The following packages and tools are required to run this plugin:

Python3

Perl v5.26+

Annovar

vcftools

samtools

bedtools

Be sure that these elements have been properly installed and are availble in your $PATH.

2.1.1. Scripting Languages¶

All of the code base for this utility is written in either BASH, Perl or Python3. You can probably use whichever system Perl is available to you (tested 5.26.x to 5.31.x) as there are no major, specialized language requirements (see below for module requirements). Please be sure to have Python3 installed as it is required for MOMA, and Python 2.7 will not work. As of this writing Python 2.7 is slated to be deprecated by the end of 2020, and its continued use is discouraged.

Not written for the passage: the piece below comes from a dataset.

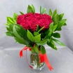 25 роз: роза красная (70см) - 25 шт., рускус (или салал/ малина/фисташка) - 13 шт., упаковка, лента.
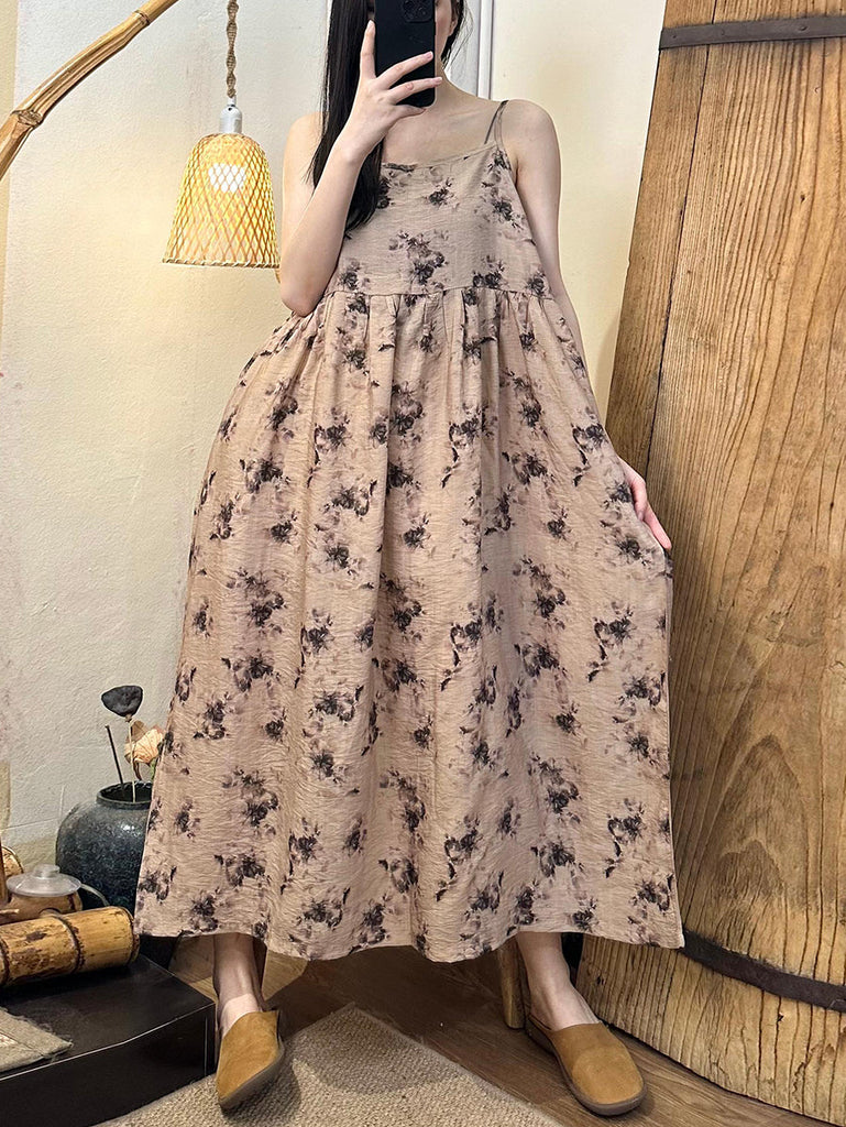 Women Summer Floral Artsy Ramie Maxi Dress AS1021

Additionally, there are some Python and Perl libraries that should be installed as they are not typically part of the standard installation:

**Additional Required Modules for Each Scripting Language**¶
Language	Package / Library
Perl	Data::Dump Text::CSV Sort::Versions Log::Log4perl
Python3	pysam natsort

Note

The python natsort library is required as well, but to help control versioning, a version of this library has been included in the package.

These libraries can be installed using the typical tools / methods normally used to install these components (e.g. cpan or its more streamlined cousin cpanm for Perl and pip3 for Python3). Be sure that the modules can be found in your $PERLLIB / $PYTHONPATH, and can be loaded.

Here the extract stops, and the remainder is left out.